**WHAT THE EXERCISE ASKS**
Begin the copy at the line containing "È un ottima" in the data below and end it at the line containing "Das Laikipia National Reserve umschließt", keeping each line exact and leaving out pictures.

**MATERIAL TO PROCESS**
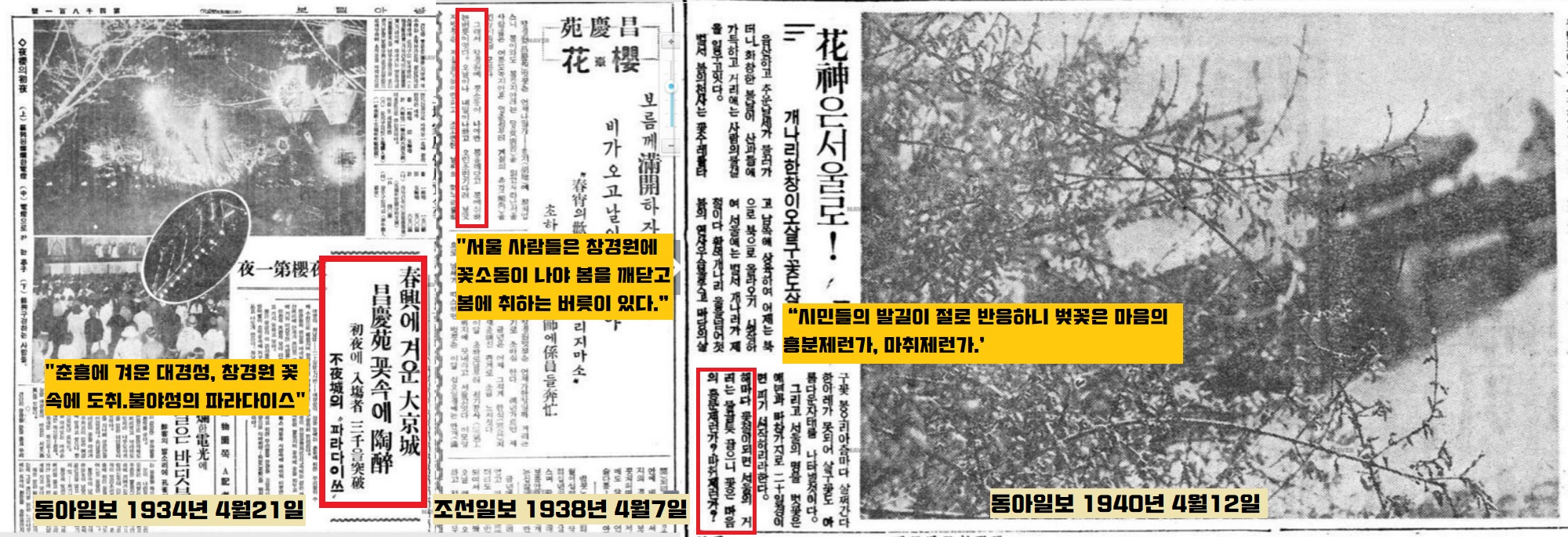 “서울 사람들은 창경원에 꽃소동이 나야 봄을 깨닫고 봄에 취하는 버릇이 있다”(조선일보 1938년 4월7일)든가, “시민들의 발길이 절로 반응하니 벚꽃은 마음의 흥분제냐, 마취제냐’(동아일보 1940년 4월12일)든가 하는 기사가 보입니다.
--
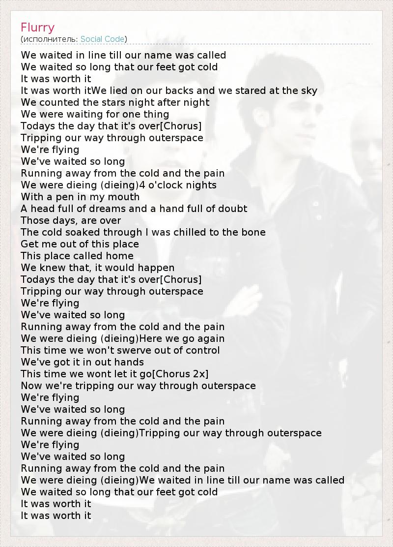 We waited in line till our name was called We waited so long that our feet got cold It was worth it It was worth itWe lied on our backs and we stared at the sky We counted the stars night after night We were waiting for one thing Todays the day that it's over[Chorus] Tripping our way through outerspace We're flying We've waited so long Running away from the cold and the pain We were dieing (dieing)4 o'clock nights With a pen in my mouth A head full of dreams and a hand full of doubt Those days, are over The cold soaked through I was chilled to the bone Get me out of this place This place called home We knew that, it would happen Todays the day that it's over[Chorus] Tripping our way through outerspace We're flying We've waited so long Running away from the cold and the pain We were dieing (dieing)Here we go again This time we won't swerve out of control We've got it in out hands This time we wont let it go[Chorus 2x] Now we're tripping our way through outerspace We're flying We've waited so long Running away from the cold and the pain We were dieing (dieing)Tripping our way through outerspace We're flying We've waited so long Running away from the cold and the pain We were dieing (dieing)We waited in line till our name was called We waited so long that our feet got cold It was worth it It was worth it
==
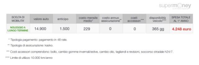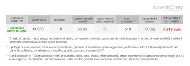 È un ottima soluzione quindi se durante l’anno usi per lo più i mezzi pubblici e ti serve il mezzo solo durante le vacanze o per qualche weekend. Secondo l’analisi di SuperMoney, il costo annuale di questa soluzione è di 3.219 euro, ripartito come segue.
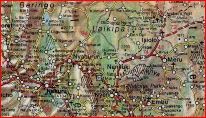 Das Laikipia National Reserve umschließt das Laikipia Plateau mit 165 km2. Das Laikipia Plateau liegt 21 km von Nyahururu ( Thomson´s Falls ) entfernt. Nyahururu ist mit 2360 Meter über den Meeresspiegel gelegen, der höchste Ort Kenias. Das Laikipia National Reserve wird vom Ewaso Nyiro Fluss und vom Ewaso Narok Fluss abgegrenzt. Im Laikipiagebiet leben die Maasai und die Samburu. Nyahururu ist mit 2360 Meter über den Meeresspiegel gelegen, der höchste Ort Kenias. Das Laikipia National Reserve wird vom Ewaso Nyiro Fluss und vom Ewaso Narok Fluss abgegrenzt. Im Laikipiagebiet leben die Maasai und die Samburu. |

**SOLUTION**
 È un ottima soluzione quindi se durante l’anno usi per lo più i mezzi pubblici e ti serve il mezzo solo durante le vacanze o per qualche weekend. Secondo l’analisi di SuperMoney, il costo annuale di questa soluzione è di 3.219 euro, ripartito come segue.
 Das Laikipia National Reserve umschließt das Laikipia Plateau mit 165 km2. Das Laikipia Plateau liegt 21 km von Nyahururu ( Thomson´s Falls ) entfernt. Nyahururu ist mit 2360 Meter über den Meeresspiegel gelegen, der höchste Ort Kenias. Das Laikipia National Reserve wird vom Ewaso Nyiro Fluss und vom Ewaso Narok Fluss abgegrenzt. Im Laikipiagebiet leben die Maasai und die Samburu. Nyahururu ist mit 2360 Meter über den Meeresspiegel gelegen, der höchste Ort Kenias. Das Laikipia National Reserve wird vom Ewaso Nyiro Fluss und vom Ewaso Narok Fluss abgegrenzt. Im Laikipiagebiet leben die Maasai und die Samburu. |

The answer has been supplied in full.